My college and grad school experience was a kind of hell. I stressed myself, sacrificed my GPA, and and nearly killed myself by taking 18 credit hours (the max at my school) every semester, 15 every summer (the max) and 4 every winter (also the max). If there were classes being offered, I was taking them and racking up the 120 credits I needed to graduate and move on to the next thing so that I could get to “life” and so that “my life” could begin. Here’s what I discovered as my 20s come to a close; life was already in progress. Every moment that I lived, every apartment, girlfriend/boyfriend, move, car break down, money problem, and crazy party: all were my life. My days were packed as I also spent time in student government and helping make my campus better wherever I could. On top of that, I was doing freelance business writing the entire time to make extra money and I worked in another entertainment venture at the time. When the recession hit, I lost both of things but I had other concerns at the time. Rather than taking the space to re-evaluate my decisions and what I was doing and where I was going I doubled down and hurried out the door so that I could get a job and start my life and my home. I hurried right into grad school because I thought it was a good idea, I knew I wanted to pursue more education and during the recession it seemed like a good idea. It made life really hard to spend 5 hours a day on school and run a business and make money. I sacrificed everything in order to do it and the sacrifice, while glamorous for my resume was not really worth it. I discovered the hard way that your health, your sanity, and your wallet are concerns that you have to consider while pursuing education. Keeping in mind: I had family help unlike many others.

But here is what I didn’t realize: college isn’t just an education and it isn’t just a time in your life that is before life: it is life, a vital portion of your life. I now get why people spend 5 years in college and take fewer credit hours. It gives them time to be active, to really invest in classes and to invest in a real social life and a life outside of class. I had no idea what a vibrant life after class was like. School was my life, as it has been my life before. On the other side, I advise something really different. The time we spend out of class recovering, sleeping, resting, and having social time is just as important as the time spent in class. I believe that a healthy lifestyle makes time in class more palatable and certainly makes one more focused. One is not as fresh hitting a class at 2:00 pm when you only had 4–5 hours of sleep and you’ve already had 1–2 classes that day, spent time studying in the library and frantically finished an assignment and then dashed in the door while also running your own freelancing business (in my case) or worked a shift at your job (friends’ case) at the same time. Where is your mind? Nowhere near that classroom.

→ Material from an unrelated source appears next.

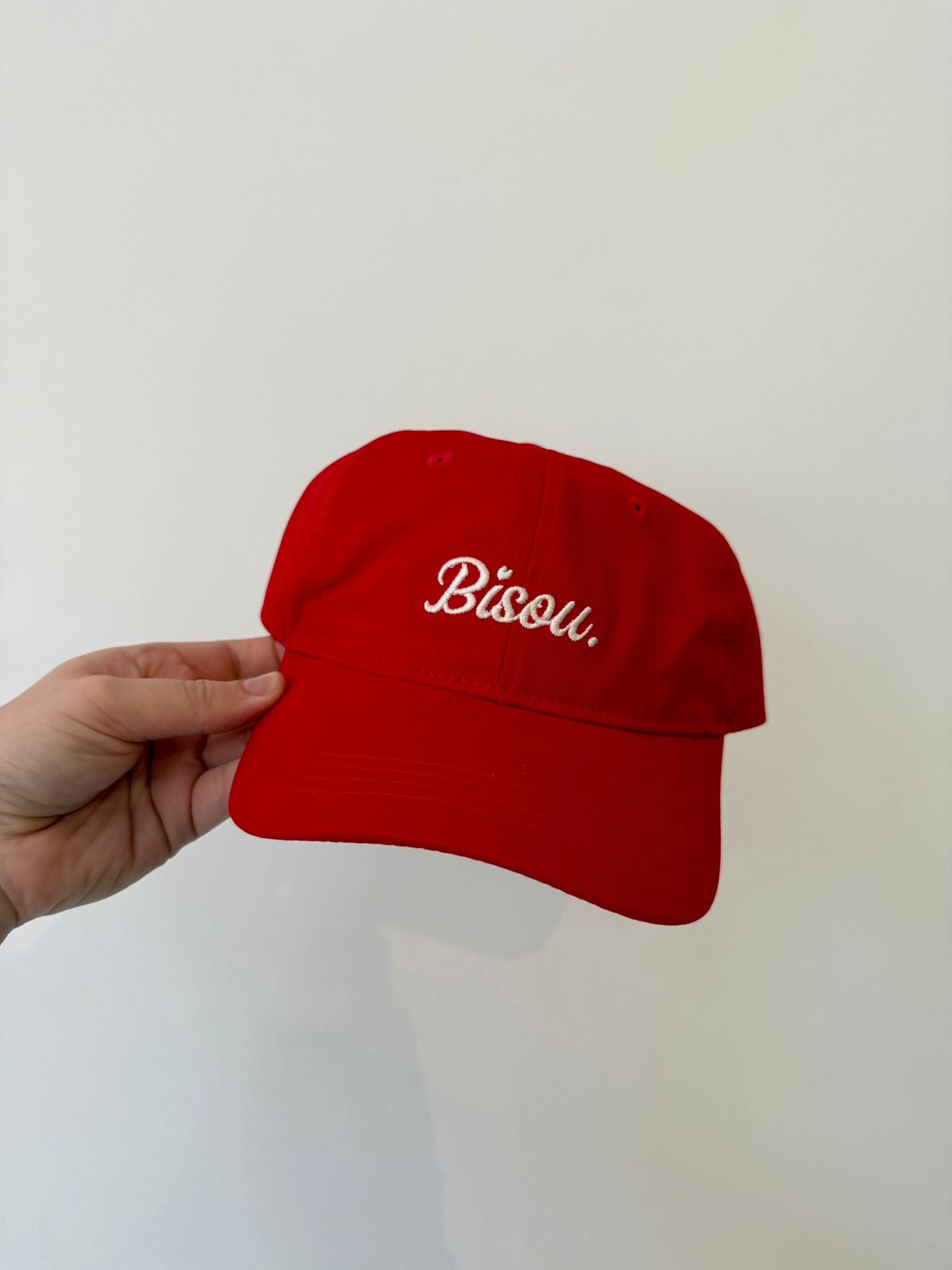 Geef jouw outfit een stoere touch met de Denise pet! Denise is een stijlvolle rode katoenen pet met het geborduurde opschrift ‘bisou.’ De ademende stof en verstelbare velcrosluiting zorgen voor een comfortabele pasvorm. Een speels en modern accessoire dat elke casual outfit compleet maakt.
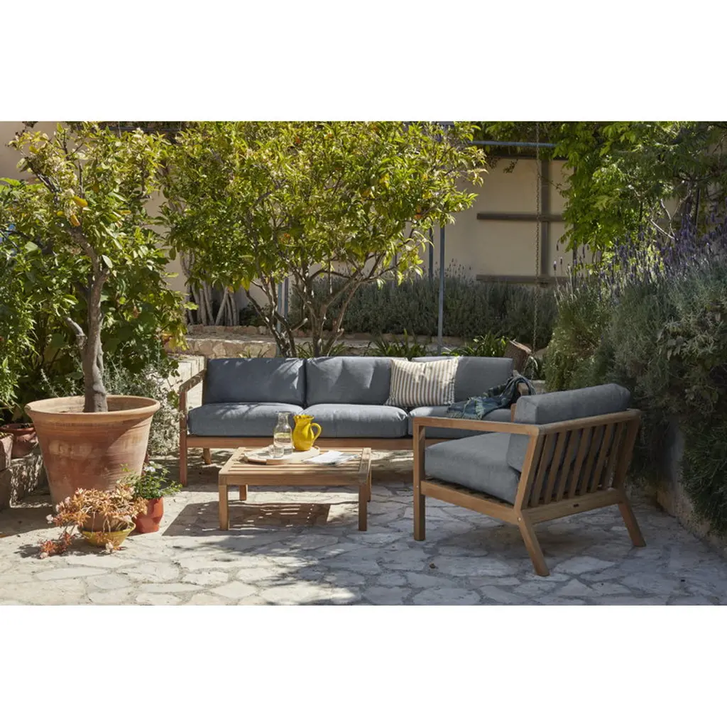 Skagerak’s Virkelyst sofa is so comfortable that you could easily think it’s designed for indoor use. However, the two-seater sofa, consisting of a minimalist teak frame and plush cushions, is specially designed for outdoors and its upholstery is therefore very durable as well as water and dirt resistant. The hypoallergenic Fossflakes inside the cushions are known as a very breathable padding material that maintains its shape over time. . Virkelyst is a modern outdoor furniture range, designed by SAYS WHO for Skagerak, combining a clean-lined design with the natural appeal of teak wood which, in time, will develop a beautiful silvery gray patina. Combine your favorite Virkelyst furniture to get a stylish sofa set for your garden or porch or create a small summer oasis on the balcony.

I’ve said all of that to say this: take your time in college, don’t rush your way through. Take 12 credit hours a semester, get in shape (you’re young it’s the best time to do it), and value the time in your youth. If you’re going back to school later in life, this advice is doubly true. Indeed you wont’ necessarily be in the social scene like traditional students but not stressing yourself out with taking on too much while still running your life is important. You’ll retain more and have a more valuable education. Take the time to realize you’re in the wrong major program, take that class that seems interesting, meet with those people, take on that extra project or internship. Make that time and those dollars really count!

I wish I had, so don’t make the mistake that I did.